Fantastic clients.....always pay on time and never complain.....but I just feel like I should be on retainer or something.

I understand its my job to train clients and its my fault this has happened but what are some methods I can use in the future the to satisfy my clients and keep me from going crazy.:surrender:


----------



## griz (Nov 26, 2009)

Smile big & say THANK YOU when they hand you the check...:thumbup:


If you know them well...give them a hug....


----------



## JackP23 (Jan 1, 2013)

I know Griz......I should just shut up......


----------



## Oconomowoc (Oct 13, 2011)

I can borrow you my Superman cape for a nominal fee


----------



## EthanB (Sep 28, 2011)

I know what you mean. It's nice to be appreciated and get the extra work but adding to the job rather than scheduling a new phase makes it hard to honor your other scheduled projects. Last spring I had over 300 hours in change orders in four months of scheduled projects. That's a month and a half of work for me. I don't leave that kind of slop in my schedule.
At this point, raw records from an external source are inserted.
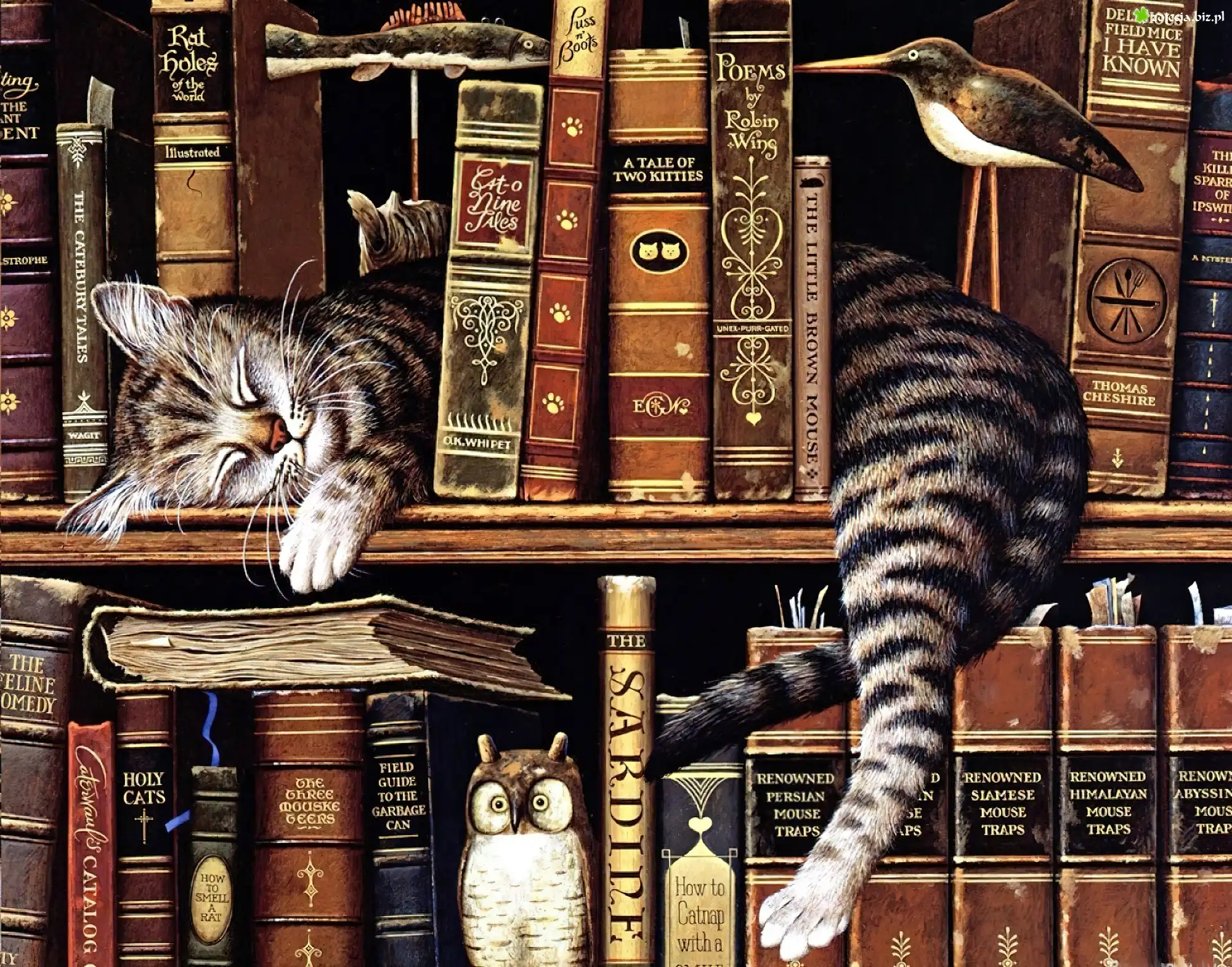 Zdjęcie Śpiący, Kot, Regał, Książki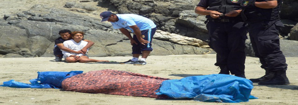 La incansable búsqueda del cuerpo del menor Christian Junior Alegre Evaristo (13) llegó a su fin al noveno día de su desaparición. Fue su padre, Nazario Alegre Rivas quien divisó el cadáver de su primogénito desde lo alto de una peña en la playa Anconcillo al promediar el medio día de hoy. (Texto y foto Cintia Cabrera)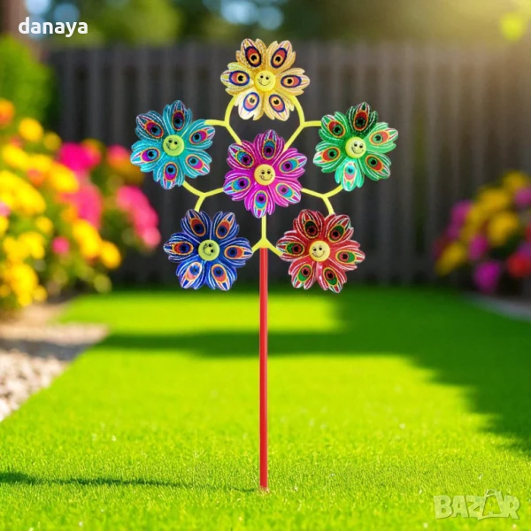 Внесете настроение и цвят в двора или на терасата си с тази декоративна градинска въртележка с 6 цветни, усмихнати цветя! Със своето ярко излъчване и весели лица, тази вятърна въртележка е идеалният акцент за всяка градинска декорация. Подходяща е за поставяне в саксии, тревни площи или близо до пътеки, като се върти дори и при лек вятър.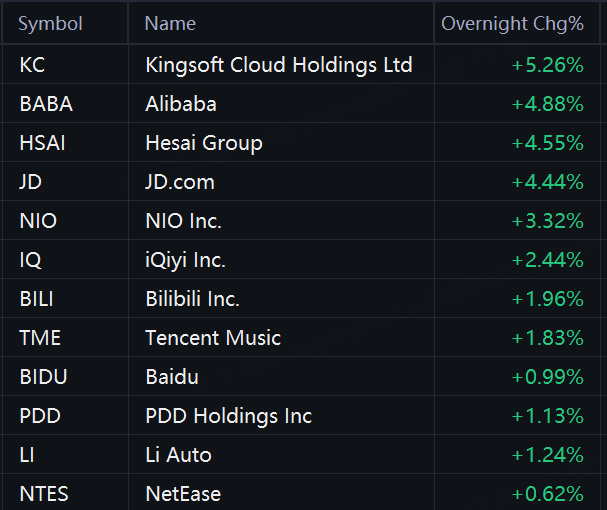 Chinese ADRs jumped in overnight trading. Kingsoft Cloud, Alibaba, and Hesai Group rose 5%; JD.com rose 4%; NIO rose 3%; iQiyi, Bilibili, and Tencent Music rose 2%; PDD Holdings, Li Auto, and Baidu rose 1%.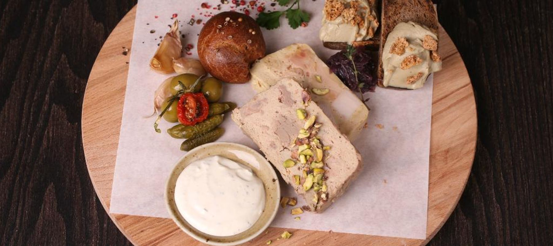 Меню включает ассорти фирменных паштетов: изысканные террины из утки с фисташками, рийеты из скумбрии или лосося и паштеты из утиной печени. Есть дегустационное меню паштетов. По утрам выпекают зерновой хлеб, булочки и пирожки из бездрожжевого теста, французские киши и тарты.

I think it's important to let my clients know that I have jobs scheduled after theirs and that large changes may result in rescheduling some of their project to be postponed after I reach a reasonable stopping point, of course. I don't like doing it but breaking a contract start date with another customer that doesn't want to reschedule isn't going to happen.:no:

The reason my spring got so messed up last year was because four of my jobs in a row had substantial change orders. I think people were being conservative in the winter when we laid out the project and then were feeling more financially stable in the spring. I certainly don't bid projects with the intention of upselling everything.


----------



## CarpenterSFO (Dec 12, 2012)

Charge more.


----------



## killerdecks (Apr 18, 2008)

Hire more people, create a good staff, build a business, sell more stuff, start buying direct, sell more stuff, become the CEO of a major building company.

.
Sell your business for 10 million go invest where Oconomowoc does for 7%, make 700k a year, get a boat, go fishing, post on Contractor Talk about the good old days.


----------



## JackP23 (Jan 1, 2013)

Sounds like a plan...........charge more....hire more people......go fishing! 

Got it!


----------



## BrandConst (May 9, 2011)

All contractors gripe when they're busy and gripe when they're slow...Welcome to the club and just like I tell my kiddo, growing pains don't kill you, they just make you stronger.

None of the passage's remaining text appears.